I had in mind user-space (or "guest" kernel) locks - which can't get inverted 
that easily (one of cgroup's tasks wanting a "userspace" lock which is held by 
another "throttled" task of same cgroup - causing a inversion problem of sorts).
My point was that once a task gets throttled, other sibling tasks should get 
throttled almost immediately after that (given that bandwidth for a cgroup is 
maintained in a global pool from which everyone draws in "small" increments) - 
so a task that gets capped while holding a user-space lock should not
result in other sibling tasks going too much hungry on held locks within the
same period?

> You cannot put both groups to sleep and still expect a utilization of
> 100%.
> 
> Simple example, some task in group A owns the i_mutex of a file, group A
> runs out of time and gets dequeued. Some other task in group B needs
> that same i_mutex.
> 
> > I guess that we may still run into that with current implementation ..

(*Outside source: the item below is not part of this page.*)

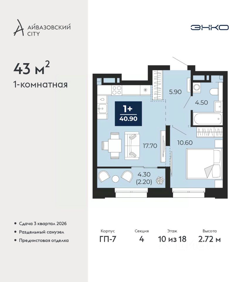 Продается 1-комн. квартира с предчистовой отделкой в ЖК ''Айвазовский City'' на 10 этаже. Общая площадь: 43 кв.м. Высота потолков 2.72 м.

> > Basically global pool may have zero runtime left for current period,
> > forcing a vcpu/task to be throttled, while there is surplus runtime in
> > per-cpu pools, allowing some sibling vcpus/tasks to run for wee bit
> > more, leading to lock-inversion related problems (more idling). That
> > makes me think we can improve directed yield->capping interaction.

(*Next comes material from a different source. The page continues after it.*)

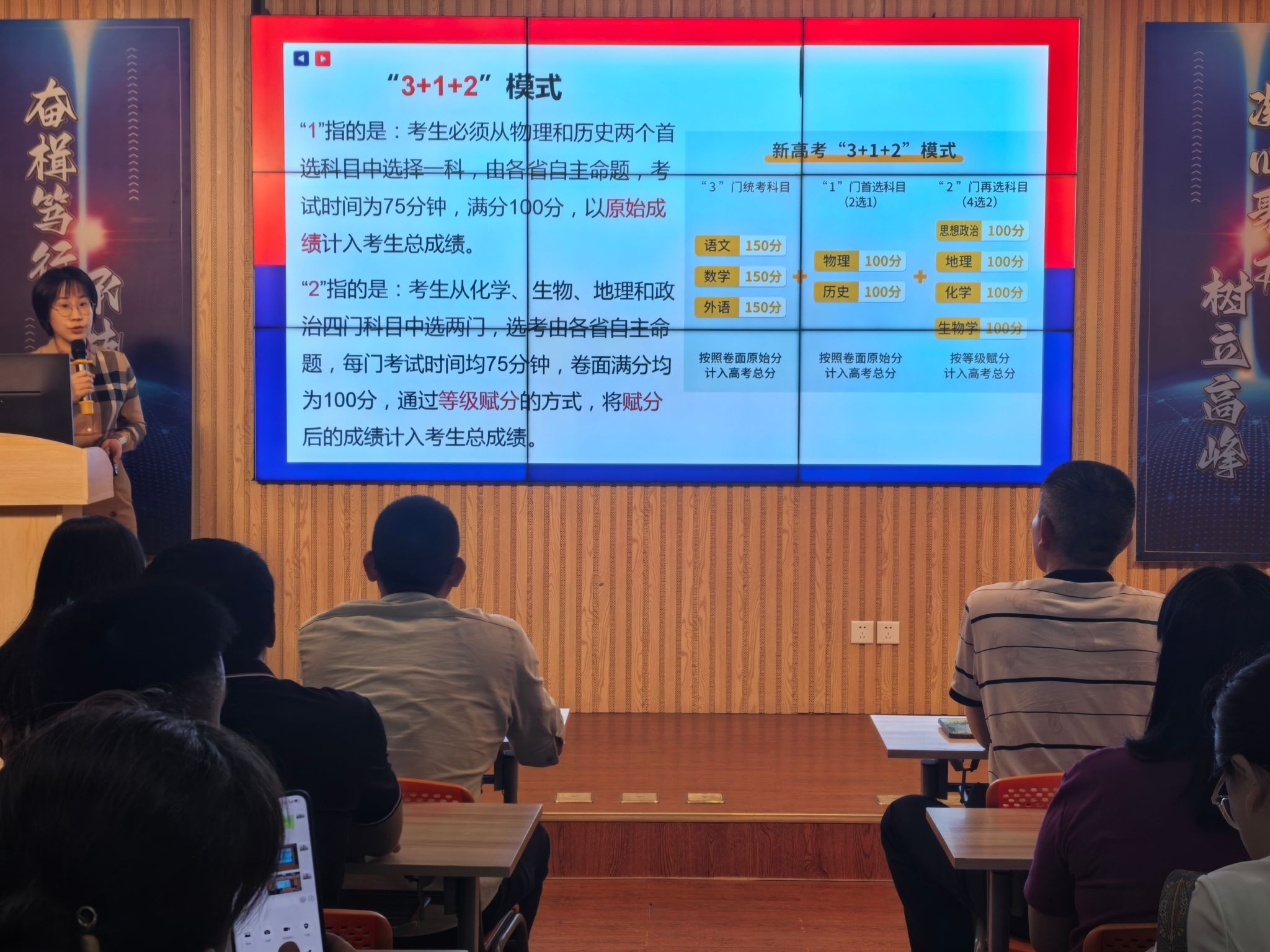 随后,综合高中部负责人连小铃老师就新高考政策改革进行详细解读,重点分析了”3+2+1”选科模式的考试要求、计分方式及高校专业选科限制,并结合近年来的录取数据,帮助家长理解不同学科组合的优劣势。

> > Essentially when the target task of directed yield is capped, can the
> > "yielding" task donate some of its bandwidth? 
> 
> What moron ever calls yield anyway?

I meant directed yield (yield_to) ..which is used by KVM when it detects 
pause-loops. Essentially, a vcpu spinning in guest-kernel context for too long 
leading to PLE (Pasue-Loop-Exit), which leads to KVM driver doing a directed 
yield to another sibling vcpu ..so the target of directed yield may be a
capped vcpu task, in which case was wondering if directed yield can donate
bit of bandwidth to the throttled task. Again going by what I said earlier about
tasks getting capped more or less at same time, this should occur very 
infrequently ...something for me to test and find out nevertheless!

> If you use yield you're doing it wrong!